Pandemic damage seen worse in Philippines than most peers
MANILA, Philippines — The Philippines suffered the largest downward revision in outlook this year from the Asian Development Bank (ADB), which now see the economy plunging to a deeper contraction than most of its Southeast Asian peers due to the pandemic.
The Manila-based lender now see the local economy shrinking 7.3% year-on-year in 2020, worse than June’s projected 3.8% contraction and April’s optimistic forecast of 2% growth, according to the flagship Asian Development Outlook report released Tuesday. The figure was also more pessimistic than the government's assumption of a 5.5% contraction in 2020.
A bounce-back to 6.5% expansion was retained for 2021 “assuming that the virus is contained, fiscal support bolsters economic activity and the global economy recovers in parallel.”
“The growth projection for 2020 is downgraded after steep contraction in private consumption and investment drove a sharp recession in the first half of 2020,” ADB said in its report.
“The forecast for slow recovery in the second half of 2020 and stronger growth in 2021 is subject to downside risks. Recurring or worsening COVID-19 outbreaks pose the risk of containment becoming longer and more stringent, which would again impede economic activity,” it explained.
Across Southeast Asia, Thailand is the only country which is poised to contract deeper than the Philippines at 8% this year. Only three countries— Vietnam, Myanmar and Brunei Darussalam— were seen growing this year, led by the former two at 1.8% year-on-year.
On average, the Philippines is expected to perform worse than the region this year, which is forecast to contract 3.8%, worse than June’s 2.7%. The broader developing Asia is also now seen shrinking slightly by 0.7% in 2020, with China now on growth path to 1.8% expansion.
Tepid consumption
At home, ADB said that while quarantine restrictions had been eased, the public’s hesitancy to venture outside their homes poses risks of a longer deterioration in household consumption, which drives 70% of the economy. Companies, meanwhile, would likely hold back from investing this year.
Weaker consumption will prevail as the jobs picture is forecast to remain bleak. While the jobless rate is seen “gradually” falling from 10% last July, this would likely be a result of more people venturing to informal work to get by the hard times, “reflecting lower quality jobs.”
Remittances from migrant workers, a key driver of consumption, would also remain “weak,” ADB said, although a latest report from the central bank released also Tuesday showed cash remittances peaked to $2.78 billion in July this year, suggesting a more solid rebound looms.

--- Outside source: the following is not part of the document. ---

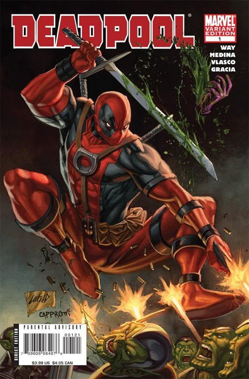 Rob Liefeld a imaginé le personnage de Deadpool. Il est donc logique qu’on le retrouve invité sur de nombreuses couverture des séries dédiées au Mercenaire disert ! Et donc sur cette couverture alternative de l’épisode 1 du run de Daniel Way et Paco Medina. Nous sommes alors en 2008, en plein crossover Secret Invasion. Et avouez que ce dessin a de la gueule ! Deadpool bondissant épée à la main parmi une horde de Skrulls, taillant dans le vif (et hop, une main qui vole !). À noter la colorisation de Mike Capprotti qui donne un côté « peint » et qui donne un certain cachet au dessin.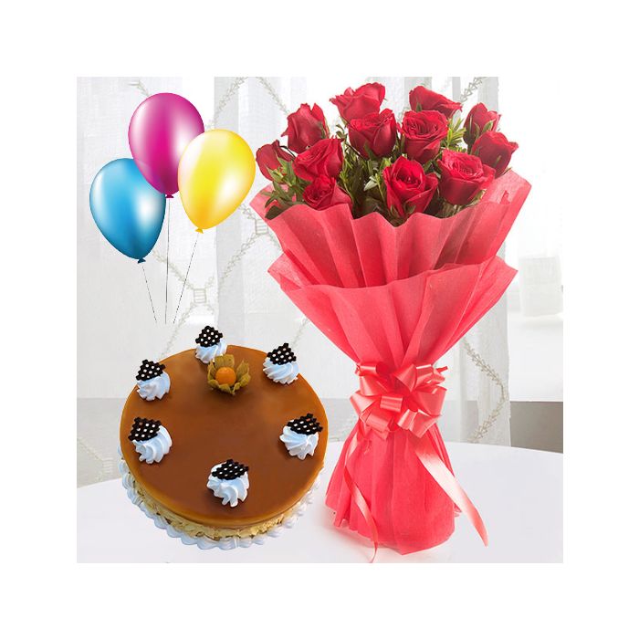 Looking for the perfect way to show your special someone how much you care? Look no further than this amazing 12 red roses with butterscotch cake with 3 blown balloons! This gorgeous arrangement is overflowing with romantic appeal, and is sure to take their breath away. The rich red roses are symbols of love and passion, while the delicious butterscotch cake is a sweet treat that will delight them. The 3 blown balloons add a festive touch and are sure to make this gift extra special. Whether you're celebrate a special occasion or simply want to show your affection, this gift is sure to impress.

However, the flip side of weaker demand would be prices remaining stable in the near-term. Inflation is forecast to hit 2.4% this year before accelerating to 2.6% in 2021, slightly faster than June level due to higher oil prices, albeit still within the low-end of the central bank’s 2-4% target.
With prices less of a problem this year, ADB said the Bangko Sentral ng Pilipinas would “likely free up more funds for banks to lend” by cutting mandated reserves anew after a 200-basis-point reduction last March.
Overall, “monetary policy is expected to remain expansionary,” the lender said, suggesting that record-low interest rates that followed a cut of 175 bps this year would remain intact.
“We expect the recovery to be slow and fragile for the rest of this year, and growth to accelerate in 2021 on the back of additional fiscal support and an accommodative monetary policy stance,” Kelly Bird, ADB country manager, said in an online briefing.